Previous studies have indicated different abnormalities of PRL secretion in patients with primary empty sella (PES). Since it is known that endogenous opiates and dopamine interact in modulating PRL secretion, we have studied the effect of an opiate receptor blockade (with Naloxone, NAL, 1.6 mg/h as a continuous infusion) on anterior pituitary hormones and on PRL responsiveness to metoclopramide (MCP), in 10 premenopausal normoprolactinemic patients with PES, studied in follicular phase, in order to investigate neurotransmitter abnormalities present in such a syndrome.
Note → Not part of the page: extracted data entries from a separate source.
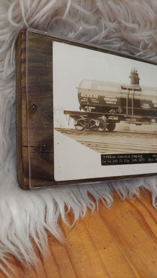 1937 railroad car photo "Monsanto - Morrimac Chemical Company" chemical train car. Custom Wood and Plexiglass Art Framed.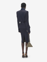 Single-breasted jacket in navy grain de poudre featuring inward-pointing peak lapels. Chest pocket, cinched waist and two jetted pockets on the sides. Finished with a single button fastening. Product details - Peak lapels - Side jetted pockets - Single button fastening - This product contains 42% of certified wool and 58% of wool sourced from producers following regenerative practices, Kering is partnering among others with the Savory Institute to promote and support the regenerative production of raw materials and utilize Savory's institute methodology, (Ecological Outcome Verification) - Product code: 870312QJAAC4003 - Made in ITALY - Material: 100% Wool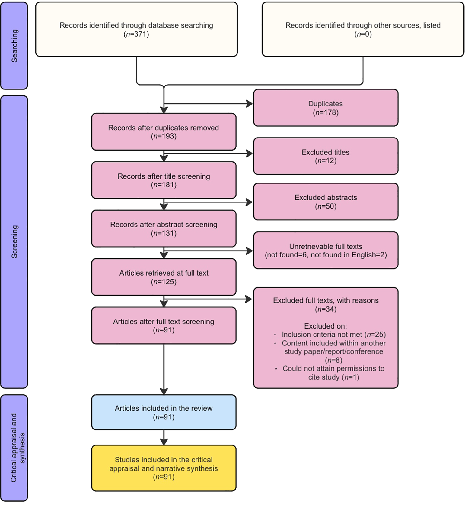 ROSES flow diagram documenting the steps taken to source, screen and appraise studies in the systematic review.

NAL failed to significantly affect LH and FSH basal levels; on the contrary, slight but significant increases in PRL and GH secretion were observed. NAL partially blunted the PRL responsiveness to the dopaminergic blockade, which was very marked when tested after MCP alone. These data confirm that the modulation of anterior pituitary hormone secretion is different in PES patients, when compared with normal subjects. The infusion of NAL induced a "paradoxical" increase in hormones (PRL and GH) which are normally stimulated by endogenous opiates; but, on the other side, it blocked the marked PRL responsiveness to the dopaminergic blockade, which is characteristic of PES syndrome. This phenomenon seems to indicate that the relationships between dopaminergic and opiatergic neurons could be modified by the neuroanatomic alteration which is present in this complex syndrome.

reglan tablets 2015-12-19

In a randomised double-blind study, women received boluses of either ephedrine 6 mg (group E; n=30) or phenylephrine 100 microg (group P; n=30) whenever maternal systolic pressure was 80% of baseline.

reglan 10mg dosage 2017-03-26

Ondansetron does not inhibit subarachnoid morphine-induced pruritus.